Thursday, October 07, 2010

urban slang to the rescue

"I don't know many office managers who would take a punch for somebody"

"I don't think he meant to"

"He clocked him"

"He punched him out?"

"No, clocked"

"Whats a clock"

"Maybe lets do a demonstration"

Apparently "clock" is not the same as "punch." Urban Dictionary says "to hit someone."

Unfortunately the demonstration came to nothing. For the record, I was not a participant in this conversation. Of course I have never used clocked in a sentence though. Yet.

Friday, October 01, 2010

for the cause

I signed up to STOP breast cancer before it STARTS. Have you? Join today at www.armyofwomen.org

by dint of the force of the dint

Dint.

I think I have never used this word in a sentence. And yet, I know it. Five years ago I could have told you the definition of several hundred GRE hit list words. I even tried to use them in sentences. But I forgot them all. Mostly. I still remember:

panacea

recidivism

and

pulchritude.

Many of them did leave a mark in my brain though. Often when I hear a vocabulary term I don't know, I remember that I USED to know it. Is knowing I forgot what it meant better than never knowing it at all? Hopefully.

And yet, suddenly I was seized with the notion that I must write about the word "dint" and even felt compelled to use it in the title in some witty way.
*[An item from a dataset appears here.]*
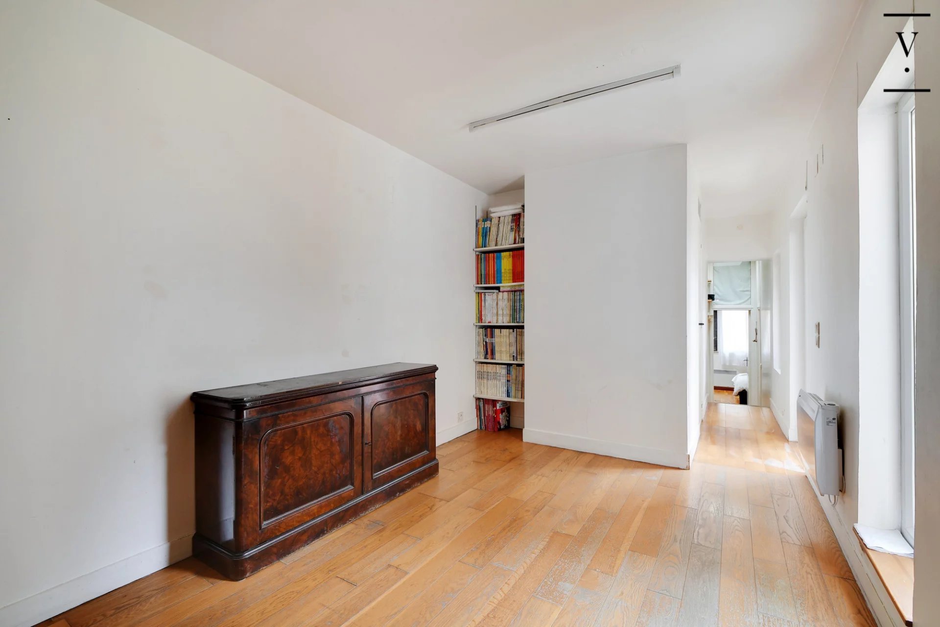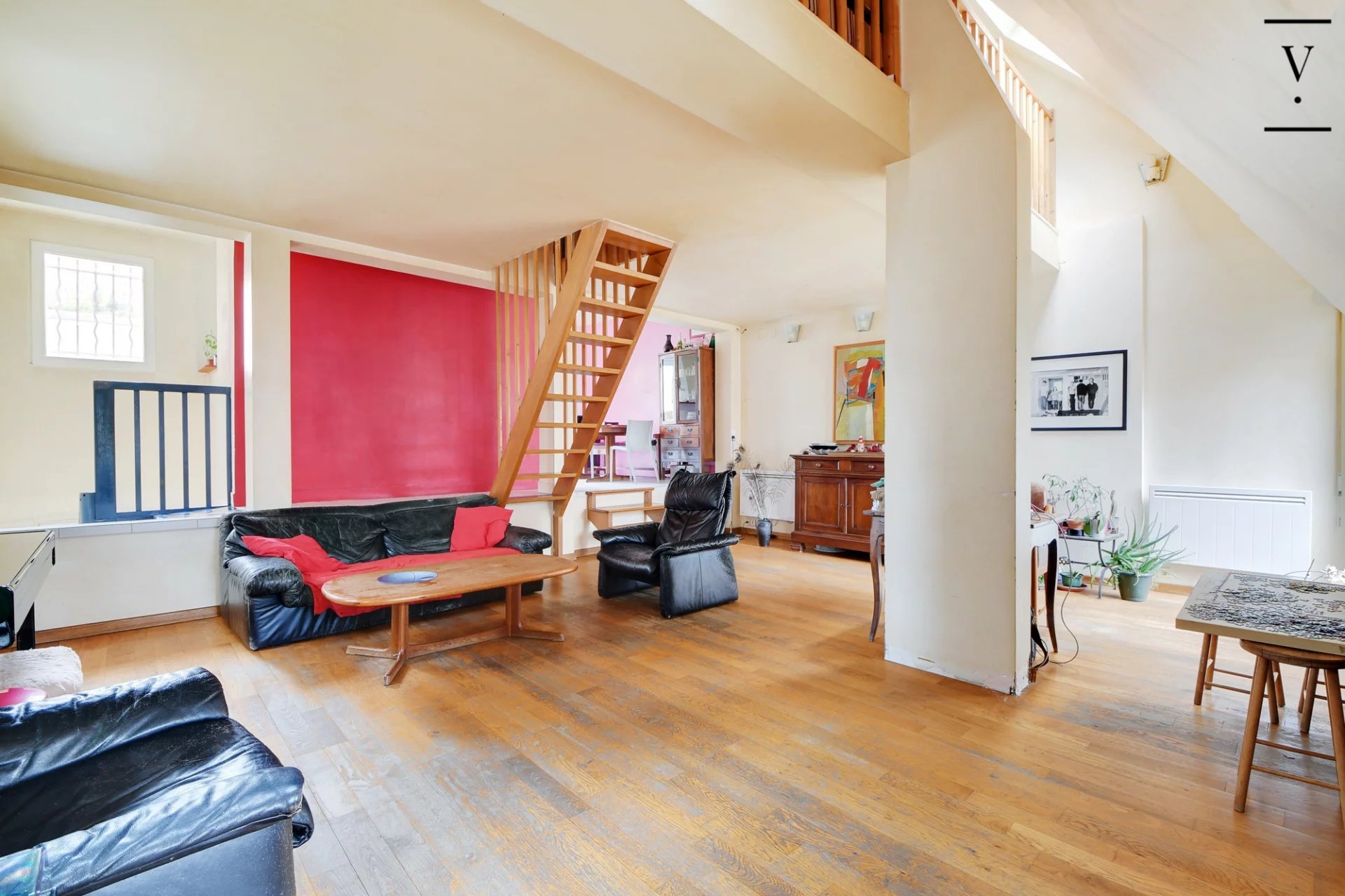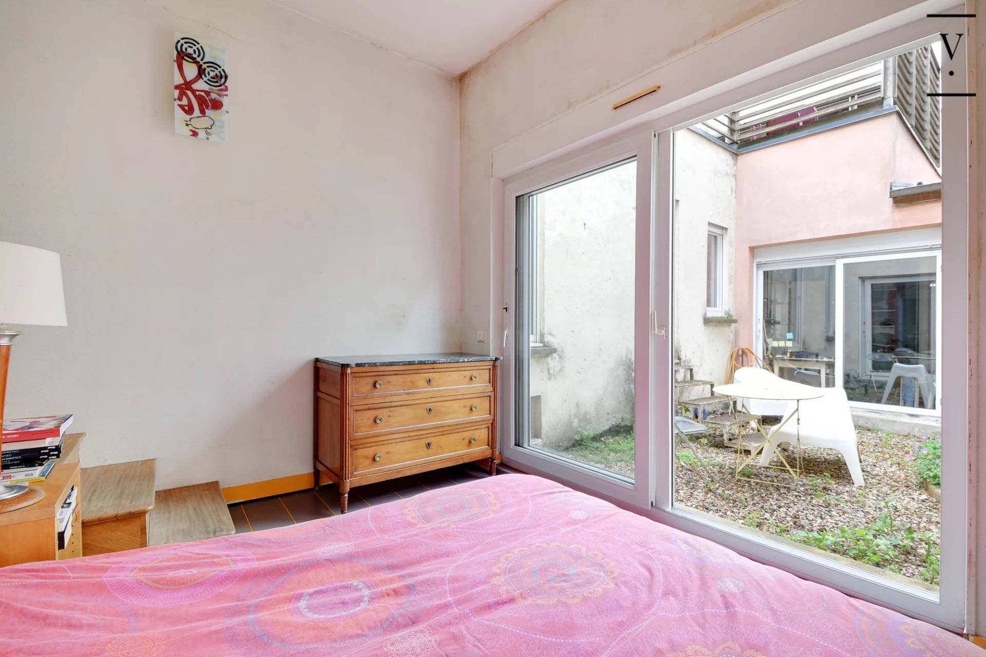 Villaret Immobilier vous propose, à deux pas des Buttes-Chaumont, une maison rare nichée dans un passage discret et plein de charme. Ce bien atypique se distingue par ses volumes généreux et son fort potentiel. Il comprend six chambres, deux salles de bains, une salle d’eau, un vaste séjour prolongé par une cuisine semi-ouverte, un bureau en mezzanine, deux terrasses, un jardin intimiste et une cour intérieure. À rénover intégralement, la maison offre un plan modulable, idéal pour imaginer un aménagement sur mesure, en accord avec votre mode de vie. Deux grandes caves d’environ 50 m² et un garage à vélos privatif complètent ce bien.

My first thought was to title the post, "by dint of reflection." I was then going to lament how I often recall 3 barefoot steps into the kitchen that I am supposed to be wearing shoes. The kitchen, at the moment, is home to many tiny shards of glass that I am ignoring for a while. Vacuuming and sweeping are tasks I avoid as long as possible. While I did sweep and vacuum the morning following the great glass explosion, I'm guessing I will not do it again until we have people over for dinner. A few weeks maybe. That's the only motivator I have to clean. Probably, there is not much glass left.

Yeah. Hence the shoes. The glass shards will be left in peace by dint of my shoes. Maybe I should re-title this blog "the slovenly housewife." Too bad the blog name is already taken. (http://slovenlyhousewife.blogspot.com/) I could give have given techniques for how to avoid dishes.

By dint of reflection I have decided to create a new tag. Slovenly housewife. It so rocks. There must be a dozen posts so far where I comment on my slovenliness. Now I can revel in it too.

So long, and thanks for all the fish.